Well written design documents, I appreciate the level of detail!
Question about the legacy nvme connect-all --nbft: still being used by dracut, so I guess it stays, yet discoverd reimplements some logic. Would be nice to unify the codebase to avoid duplication. My concern is interpretation of various NBFT flags and processes... although certain best practices got added in the Boot Spec, there are still gaps. There have always been disparity between various UEFI implementations and the OS, even though we generally tend to avoid adding quirks in the nvme-cli NBFT code for firmware bugs.
|
|
||
| **Tools that bypass libnvme or use NULL owner** produce unowned connections — no registry entry is written, and `disconnect-all` treats them as freely disconnectable. The most common sources are: | ||
|
|
||
| - **UDisks**: a D-Bus daemon that provides block-device management to desktop environments; it calls libblockdev (`bd_nvme_connect`), which calls libnvme internally, but neither participates in registry ownership. |
There was a problem hiding this comment.
The plan is to always supply owner information, e.g. 'udisks', with a possibility to override this via an optional argument to any arbitrary string.
Since UDisks is rather high-level layer, we're able to respect exclusions actively and refuse connection, unless forced.

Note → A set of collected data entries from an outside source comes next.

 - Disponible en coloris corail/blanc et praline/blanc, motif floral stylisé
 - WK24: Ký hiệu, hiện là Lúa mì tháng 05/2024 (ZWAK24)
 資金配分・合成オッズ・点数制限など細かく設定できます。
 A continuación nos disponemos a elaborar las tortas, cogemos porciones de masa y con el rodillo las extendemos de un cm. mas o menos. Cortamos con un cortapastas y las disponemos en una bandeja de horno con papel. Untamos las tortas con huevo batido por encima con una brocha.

At this point only simple connect & disconnect commands are provided, falling into Tier 1. However there were plans to provide simple discovery incl. mDNS support browser functionality in the future, leaning towards Tier 2 (as there will likely always be an external consumer to trigger any action first).

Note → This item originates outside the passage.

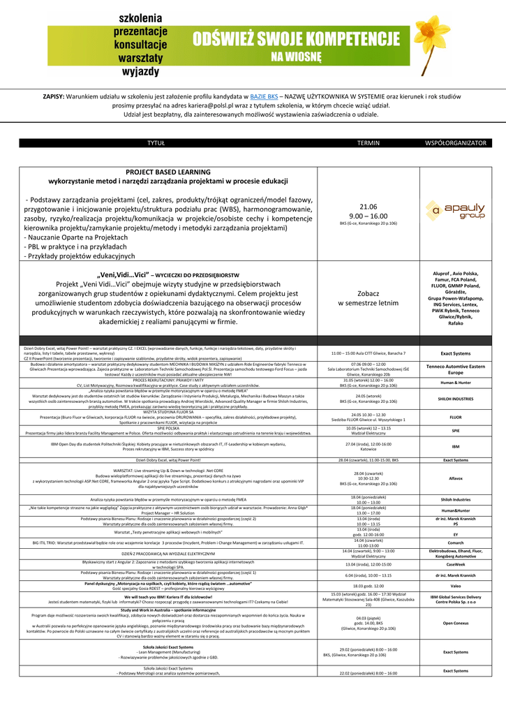 ZAPISY: Warunkiem udziału w szkoleniu jest założenie profilu kandydata w BAZIE BKS – NAZWĘ UŻYTKOWNIKA W SYSTEMIE oraz kierunek i rok studiów prosimy przesyłać na adres [email protected] wraz z tytułem szkolenia, w którym chcecie wziąć udział. Udział jest bezpłatny, dla zainteresowanych możliwość wystawienia zaświadczenia o udziale. TYTUŁ TERMIN WSPÓŁORGANIZATOR PROJECT BASED LEARNING wykorzystanie metod i narzędzi zarządzania projektami w procesie edukacji - Podstawy zarządzania projektami (cel, zakres, produkty/trójkąt ograniczeń/model fazowy, przygotowanie i inicjowanie projektu/struktura podziału prac (WBS), harmonogramowanie, zasoby, ryzyko/realizacja projektu/komunikacja w projekcie/osobiste cechy i kompetencje kierownika projektu/zamykanie projektu/metody i metodyki zarządzania projektami) - Nauczanie Oparte na Projektach - PBL w praktyce i na przykładach - Przykłady projektów edukacyjnych „Veni,Vidi…Vici” – WYCIECZKI DO PRZEDSIĘBIORSTW Projekt „Veni Vidi…Vici” obejmuje wizyty studyjne w przedsiębiorstwach zorganizowanych grup studentów z opiekunami dydaktycznymi. Celem projektu jest umożliwienie studentom zdobycia doświadczenia bazującego na obserwacji procesów produkcyjnych w warunkach rzeczywistych, które pozwalają na skonfrontowanie wiedzy akademickiej z realiami panującymi w firmie. Dzień Dobry Excel, witaj Power Point! – warsztat praktyczny CZ. I EXCEL (wprowadzanie danych, funkcje, funkcje i narzędzia tekstowe, daty, przydatne skróty i narzędzia, listy I tabele, tabele przestawne, wykresy) CZ II PowerPoint (tworzenie prezentacji, tworzenie i zapisywanie szablonów, przydatne skróty, widok prezentera, zapisywanie) Budowa i działanie amortyzatora – warsztat praktyczny dedykowany studentom MECHNIKA I BUDOWA MASZYN z udziałem Ride Engineerów fabryki Tenneco w Gliwicach Prezentacja wprowadzająca. Zajecia praktyczne w Laboratorium Techniki Samochodowej Pol.Śl. Prezentacja samochodu testowego Ford Focus – jazda testowa! Każdy z uczestników musi posiadać aktualne ubezpieczenie NW! PROCES REKRUTACYJNY: PRAWDY I MITY CV, List Motywacyjny, Rozmowa kwalifikacyjna w praktyce. Case study z aktywnym udziałem uczestników. „Analiza ryzyka powstania błędów w przemyśle motoryzacyjnym w oparciu o metodę FMEA” Warsztat dedykowany jest do studentów ostatnich lat studiów kierunków: Zarządzanie i Inżynieria Produkcji, Metalurgia, Mechanika i Budowa Maszyn a także wszystkich osób zainteresowanych branżą automotive. W trakcie spotkania prowadzący Andrzej Wierzbicki, Advanced Quality Manager w firmie Shiloh Industries, przybliży metodę FMEA, przekazując zarówno wiedzę teoretyczną jak i praktyczne przykłady. WIZYTA STUDYJNA FLUOR SA Prezentacja (Biuro Fluor w Gliwicach, korporacja FLUOR na świecie, pracownia ORUROWANIA – specyfika, zakres działalności, przykładowe projekty), Spotkanie z pracownikami FLUOR, wizytacja na projekcie SPIE POLSKA Prezentacja firmy jako lidera branży Facility Management w Polsce. Oferta możliwości odbywania praktyk i elastycznego zatrudnienia na terenie kraju i województwa. 21.06 9.00 – 16.00 BKS (G-ce, Konarskiego 20 p.106) Zobacz w semestrze letnim Aluprof , Avio Polska, Famur, FCA Poland, FLUOR, GMMP Poland, Górażdże, Grupa Powen-Wafapomp, ING Services, Lentex, PWiK Rybnik, Tenneco Gliwice/Rybnik, Rafako 11:00 – 15:00 Aula CITT Gliwice, Banacha 7 Exact Systems 07.06 09:00 – 12:00 Sala Laboratorium Techniki Samochodowej IŚiE Gliwice, Konarskiego 20b 31.05 (wtorek) 12.00 – 16.00 BKS (G-ce, Konarskiego 20 p.106) Tenneco Automtive Eastern Europe Human & Hunter 24.05 (wtorek) BKS (G-ce, Konarskiego 20 p.106) SHILOH INDUSTRIES 24.05 10.30 – 12.30 Siedziba FLUOR Gliwice ul. Wyszyńskiego 1 FLUOR 10.05 (wtorek) 12 – 13.15 Wydział Elektryczny SPIE IBM Open Day dla studentek Politechniki Śląskiej: Kobiety pracujące w nietuzinkowych obszarach IT, IT-Leadership w kobiecym wydaniu, Proces rekrutacyjny w IBM, Success story w spódnicy 27.04 (środa), 12:00-16:00 Katowice IBM Dzień Dobry Excel, witaj Power Point! 28.04 (czwartek), 11.00-15.00, BKS Exact Systems WARSZTAT: Live streaming Up & Down w technologii .Net CORE Budowa wieloplatformowej aplikacji do live streamingu, prezentacji danych na żywo z wykorzystaniem technologii ASP.Net CORE, frameworka Angular 2 oraz języka Type Script. Dodatkowo konkurs z atrakcyjnymi nagrodami oraz upominki VIP dla najaktywniejszych uczestników 28.04 (czwartek) 10:30-12.30 BKS (G-ce, Konarskiego 20 p.106) Alfavox Analiza ryzyka powstania błędów w przemyśle motoryzacyjnym w oparciu o metodę FMEA „Nie takie kompetencje straszne na jakie wyglądają” Zajęcia praktyczne z aktywnym uczestnictwem osób biorących udział w warsztacie. Prowadzenie: Anna Głąb* Project Manager – HR Solution Podstawy pisania Biznesu Planu: Rodzaje i znaczenie planowania w działalności gospodarczej (część 2) Warsztaty praktyczne dla osób zainteresowanych założeniem własnej firmy. Warsztat „Testy penetracyjne aplikacji webowych i mobilnych” BIG ITIL TRIO: Warsztat przedstawiał będzie role oraz wzajemnie korelacje 3 procesów (Incydent, Problem i Change Management) w zarządzaniu usługami IT. DZIEŃ Z PRACODAWCĄ NA WYDZIALE ELEKTRYCZNYM 18.04 (poniedziałek) 10.00 – 13.00 18.04 (poniedziałek) 13.00 – 17.00 13.04 (środa) 10.00 – 13.15 13.04 (środa) godz. 12.00-16:00 14.04 (czwartek) 11:00-13:00 14.04 (czwartek), 9:00 – 13:00 Wydział Elektryczny Shiloh Industries Human&Hunter dr inż. Marek Krannich PŚ EY Comarch Elektrobudowa, Elhand, Fluor, Kongsberg Automotive Błyskawiczny start z Angular 2: Zapoznanie z metodami szybkiego tworzenia aplikacji internetowych w technologii SPA. Podstawy pisania Biznesu Planu: Rodzaje i znaczenie planowania w działalności gospodarczej (część 1) Warsztaty praktyczne dla osób zainteresowanych założeniem własnej firmy. Panel dyskusyjny „Motoryzacja na szpilkach

There was a problem hiding this comment.
The plan is to always supply owner information, e.g.
'udisks', ...
Thanks — I'll update the UDisks entry accordingly: supplies owner='udisks' (overridable to an arbitrary string), actively respects exclusions and refuses unless forced, Tier 1 today. I'll add this to the RFC.

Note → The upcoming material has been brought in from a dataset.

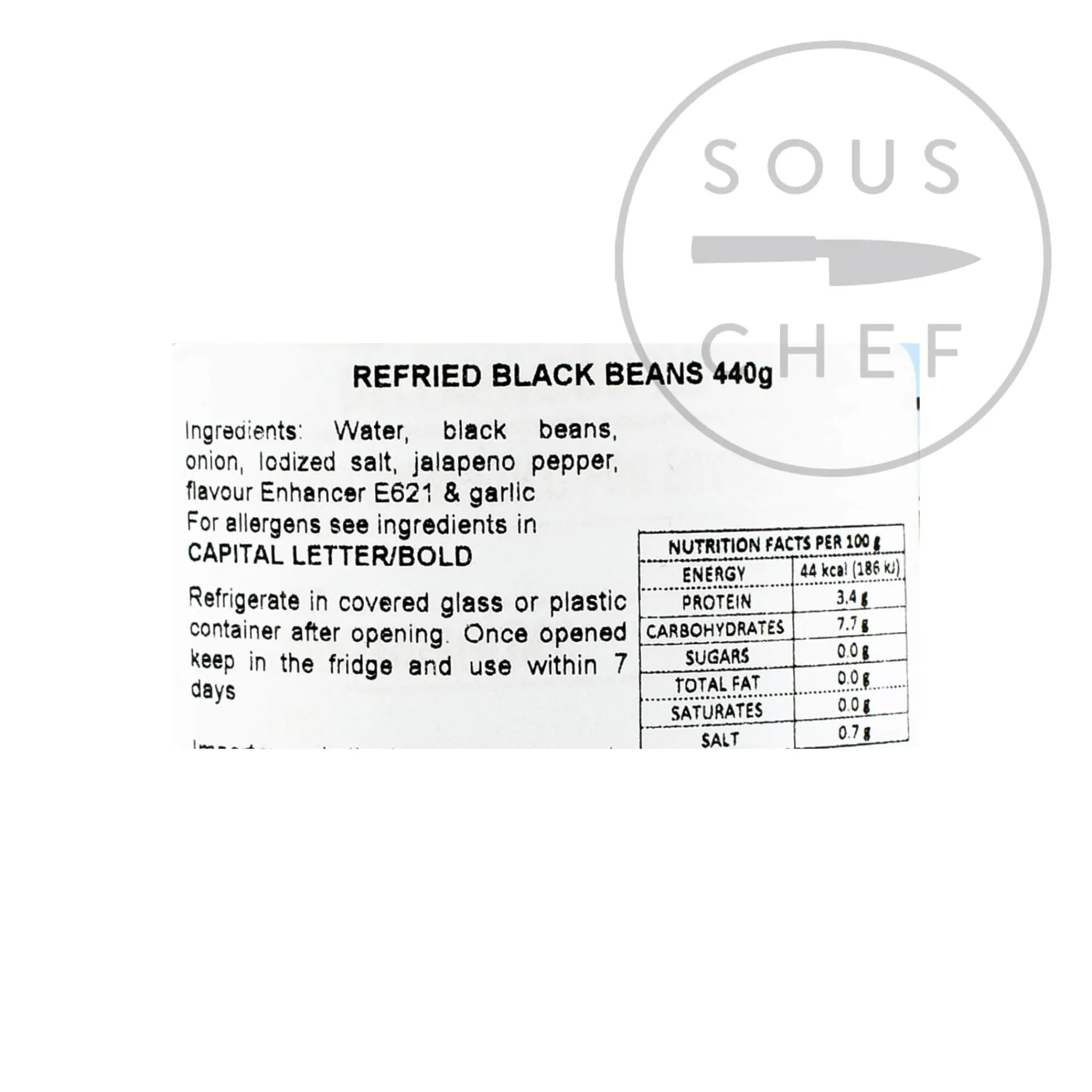 Product formulations and details may change. For the latest ingredients and allergen information always check product packaging prior to consumption. Ingredients: water, black beans, onions, iodised salt, jalapeno pepper, flavour enhancer E621 (monosodium glutamate) and garlic. Contains MSG.

However there were plans to provide simple discovery incl. mDNS support browser functionality in the future...
On the future mDNS direction, though, I'd like to clarify before we pencil in a Tier 2 / mDNS-browser role for UDisks — because mDNS/DNS-SD discovery of Discovery Controllers is a genuine can of worms, and a third independent browser would compound it. We're already wrestling with how to coordinate mDNS browsing between just two orchestrators, nvme-discoverd and nvme-stas: having both browse at once is a misconfiguration we have to actively detect and arbitrate (the "zeroconf-conflict" problem, still unsolved in the general case). If UDisks adds its own mDNS browser, that's a third layer independently discovering the same DCs and potentially connecting, with no shared owner of "who browses mDNS on this host." Could you say more about what UDisks intends — a full mDNS DC-discovery browser, or something narrower (e.g. surfacing controllers another component already discovered)? If it's the former, I think we need a cross-orchestrator story for mDNS-browser ownership before multiple layers start doing it independently — two is already hard, and three concurrent browsers on one host would be painful to reason about. I'd rather flag it now than debug three browsers fighting later.
There was a problem hiding this comment.
Generally speaking, any new party can come to the game anytime.
The plan with UDisks is to provide underlying services for gvfs - it might actually be gvfs simply adding another protocol to its existing avahi-based network browser. UDisks would then provide high-level discovery and connect services, guarded by polkit rules. This is all on demand and it's tiered - i.e. the base gvfsd-network browser would just report machines in the network exposing _nvme-disc._tcp and discovery is only made upon user intention - i.e. discovery is not supposed to be done proactively. The target audience are end users with expectation that neither nvme-discoverd or nvme-stas are going to be configured for zeroconf on such systems. Neither gvfs or UDisks can use discoverd as that's systemd-only, this will need to be separate reimplementation, reusing as many general parts from libnvme as possible.
| - An NBFT boot-path controller carries `owner=nbft` — nvme-stas never disconnects it. | ||
| - Since nvme-stas never disconnects a controller owned by another orchestrator, there is nothing for nvme-discoverd to reconnect — a bounce loop cannot occur. | ||
|
|
||
| **NBFT controllers are also immune to nvme-discoverd's exclusion list.** nvme-discoverd reconnects NBFT-sourced controllers unconditionally, regardless of any matching exclusion list entry. An exclusion entry targeting a boot device is a misconfiguration; nvme-discoverd logs a warning and reconnects. See `rfc-nvme-registry.md` §4.4 for the `owner=nbft` semantics. |
There was a problem hiding this comment.
We need this for NBFT testing... although the design is well suited for real-world scenarios, we'd like to have option to manually disconnect a particular nbft controller and prevent it to be reconnected.
Further thoughts:
- explicitly stop
nvme-discoverdfor such tests? - what about a multipath scenario where a particular network interface is intentionally going down: perform disconnect first and then tear down the interface to avoid the kernel host nvme driver reconnection mechanism?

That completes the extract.